WHAT YOU NEED TO DO: Return every line of the data below exactly, but do not include the images.

SOURCE DATA:
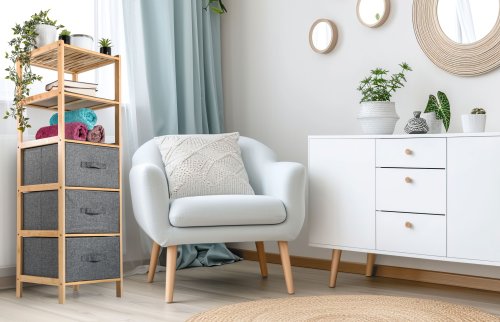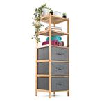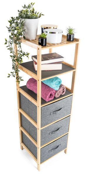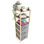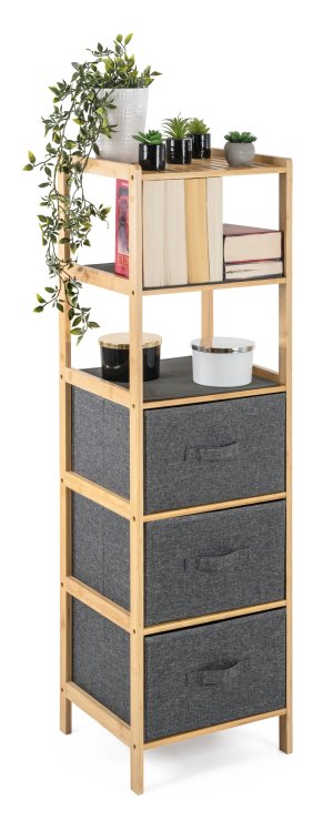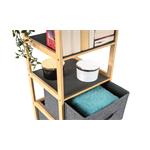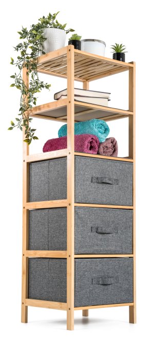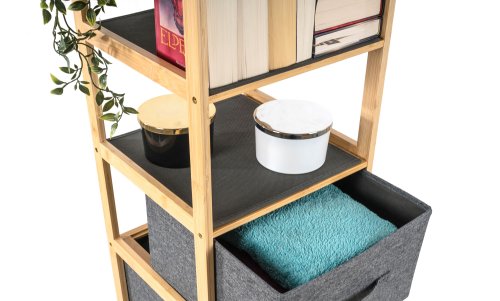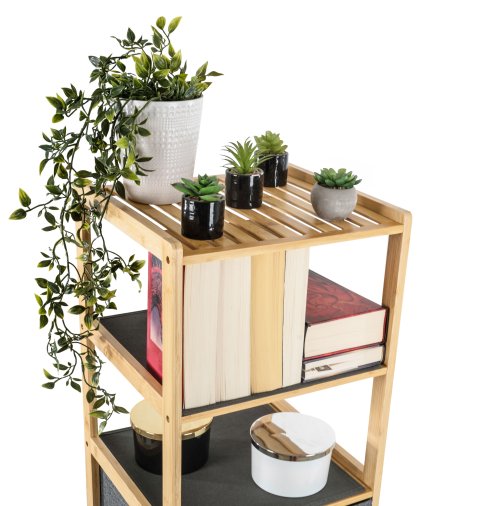Bambusový regál s výsuvnými látkovými zásuvkami dodáva interiéru príjemný prírodný dojem, pocit ľahkosti a prirodzenosti , zatiaľ čo jeho pevnosť a dlhá životnosť zaisťujú stabilitu a trvanlivosť .
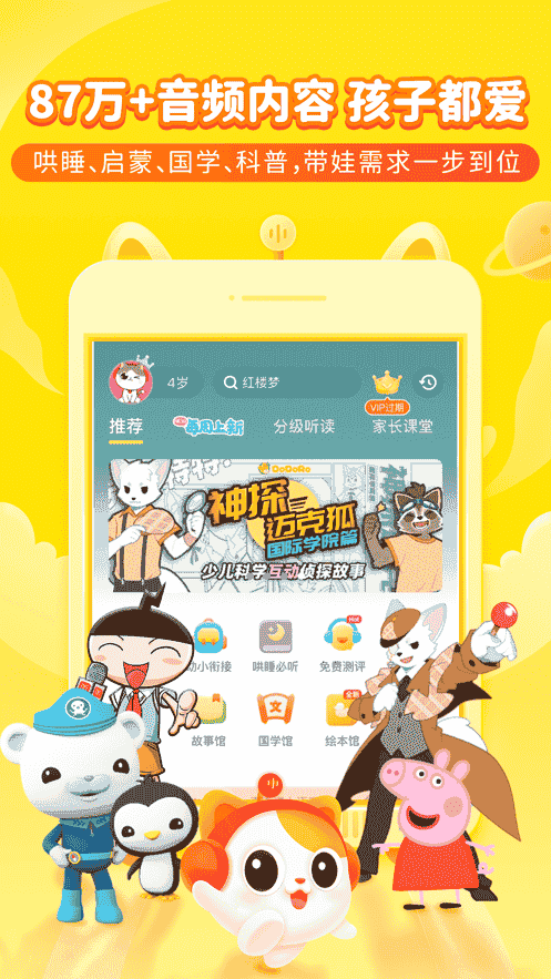 1、海量音頻內容專為兒童打造,有趣的、科學的、專業的,從“聽”開始模仿表達。
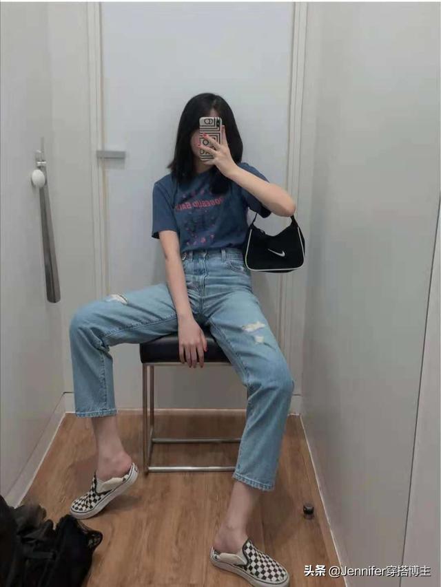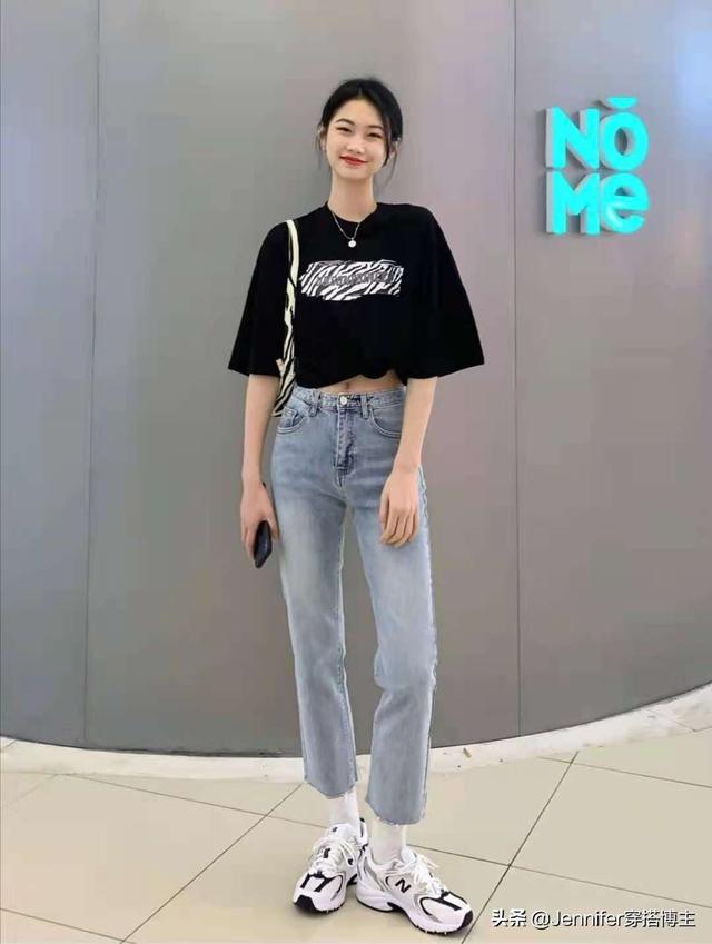 8.jpg 这套衣服是日常生活中最简单的装扮。蓝色牛仔裤搭配黑色短袖。搭配的时候稍微注意了一点,就是把短袖扎起来,这样腿在视觉上会比较长,或者遵循“上短下长”的穿着规律。 |

REPLY:
Bambusový regál s výsuvnými látkovými zásuvkami dodáva interiéru príjemný prírodný dojem, pocit ľahkosti a prirodzenosti , zatiaľ čo jeho pevnosť a dlhá životnosť zaisťujú stabilitu a trvanlivosť .
 1、海量音頻內容專為兒童打造,有趣的、科學的、專業的,從“聽”開始模仿表達。
 8.jpg 这套衣服是日常生活中最简单的装扮。蓝色牛仔裤搭配黑色短袖。搭配的时候稍微注意了一点,就是把短袖扎起来,这样腿在视觉上会比较长,或者遵循“上短下长”的穿着规律。 |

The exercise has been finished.